On 03/21/2014 08:41 AM, Solly Ross wrote:
> Well, if messages are getting dropped on the floor due to communication 
> issues, that's not a good thing.
> If you have time, could you determine why the messages are getting dropped on 
> the floor?  We shouldn't be
> doing things that require both the controller and compute nodes until we have 
> a connection.

Currently when doing a reboot we set the REBOOTING task_state in the database 
in compute-api and then send an RPC cast.
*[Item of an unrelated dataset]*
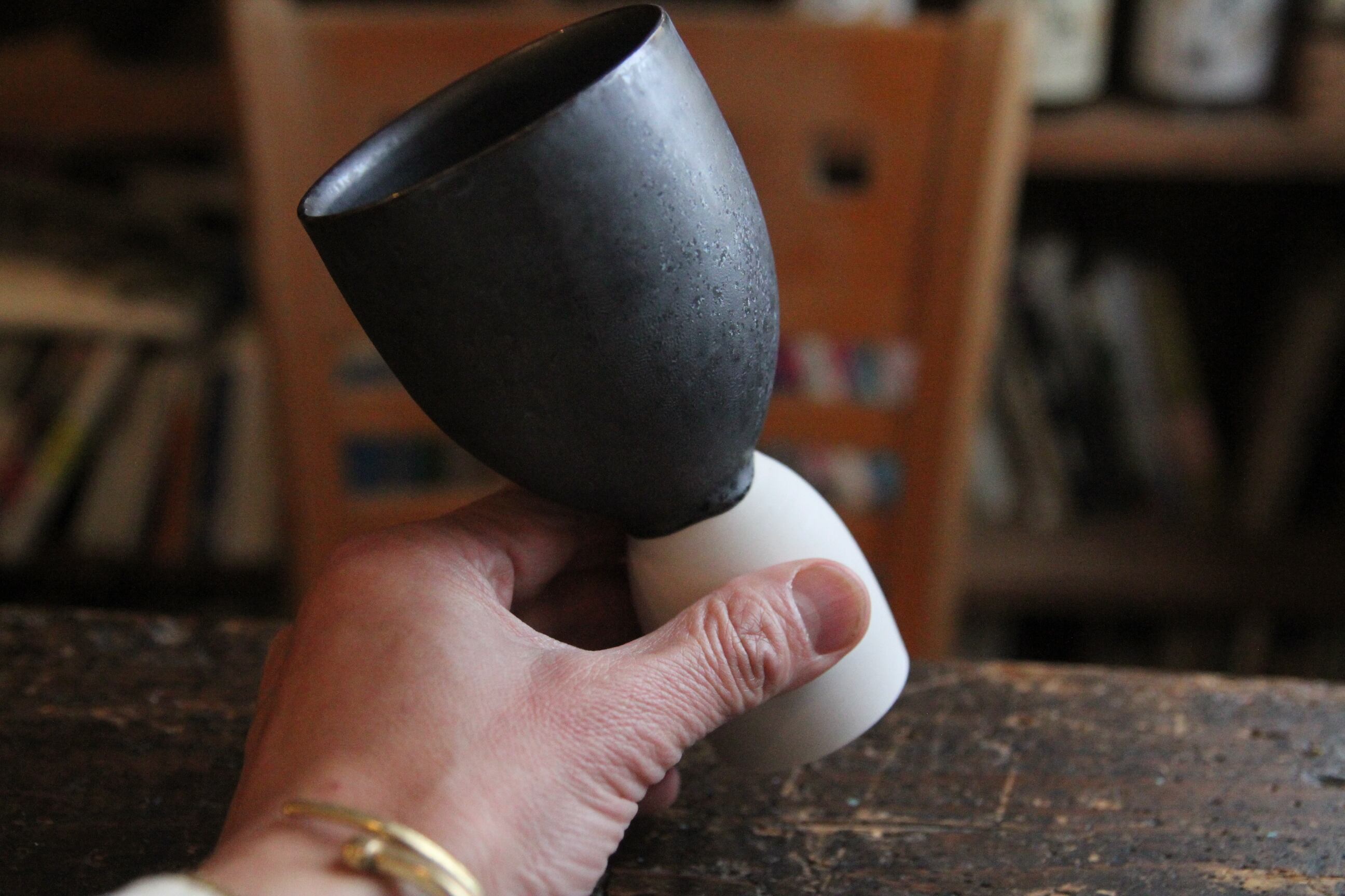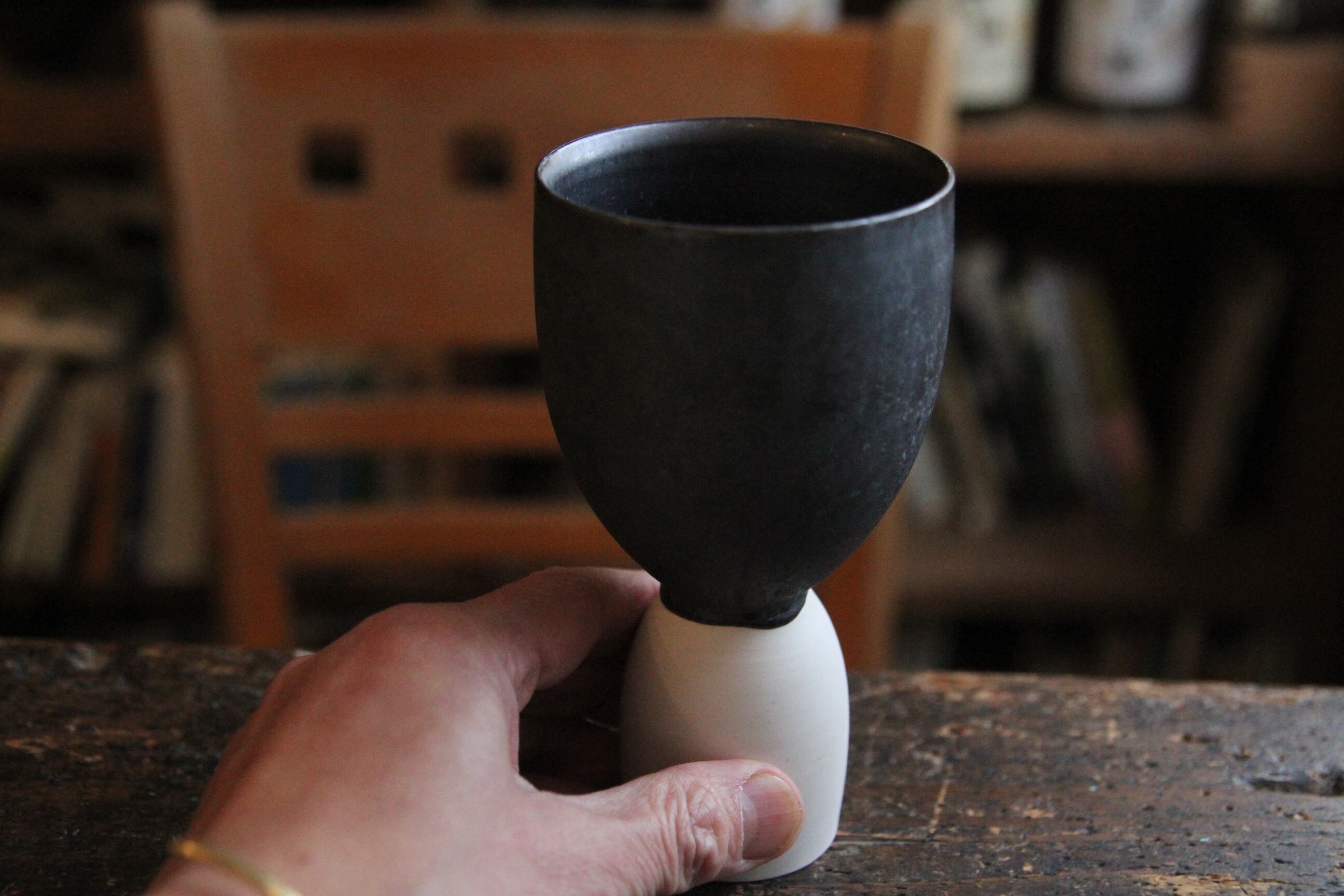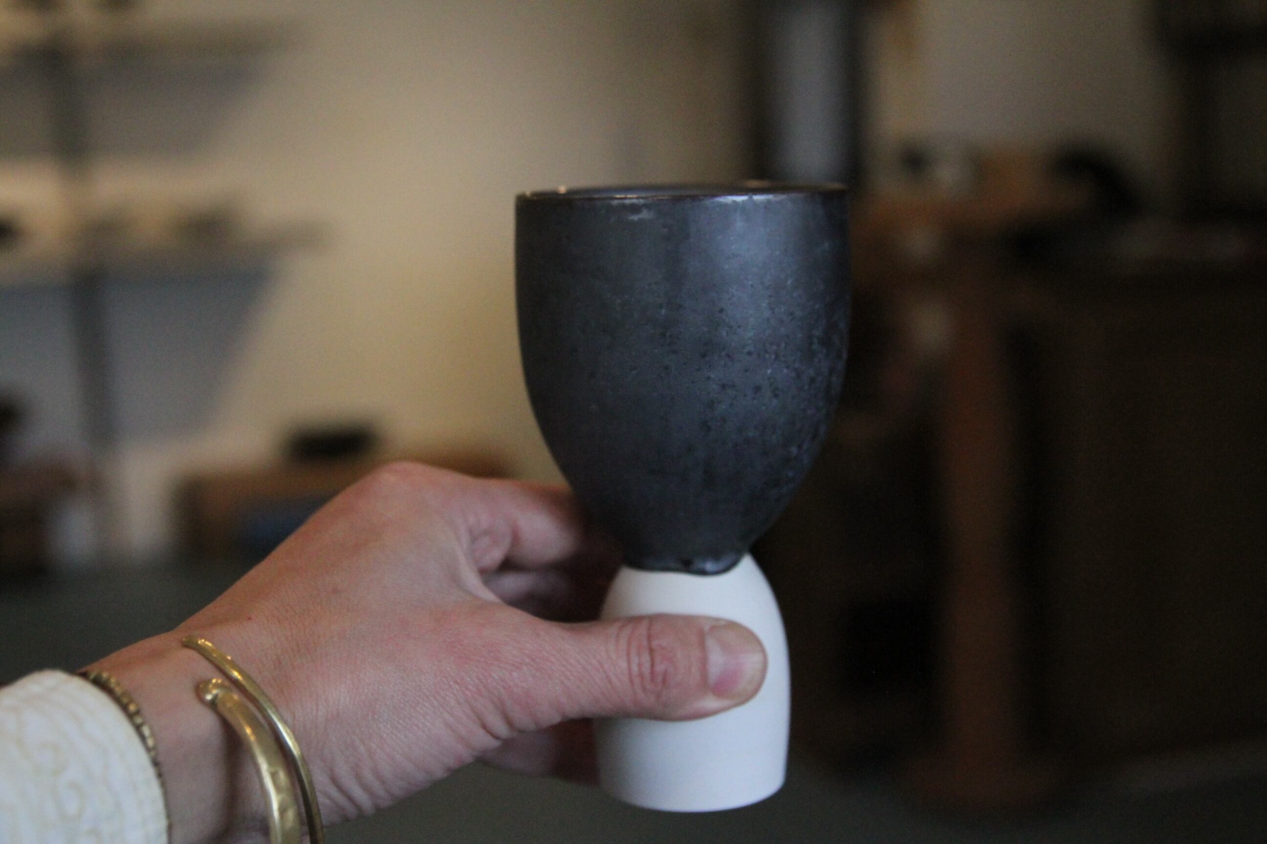 熊本は天草の陶芸家、金澤宏紀氏の器です。こちらはトールカップ。勝利の美酒よろしく、飾りたくなるくらいに凛々しい他にないカップです。

That seems awfully risky given that 
if that message gets lost or the call fails for any reason we could end up 
stuck in the REBOOTING state forever.  I think it might make sense to have the 
power state audit clear the REBOOTING state if appropriate, but others with 
more experience should make that call.


The timeline that I have looks like this.  We had some buggy code that sent all 
the instances for a reboot when the controller came up.  The first two are in 
the controller logs below, and these are the ones that failed.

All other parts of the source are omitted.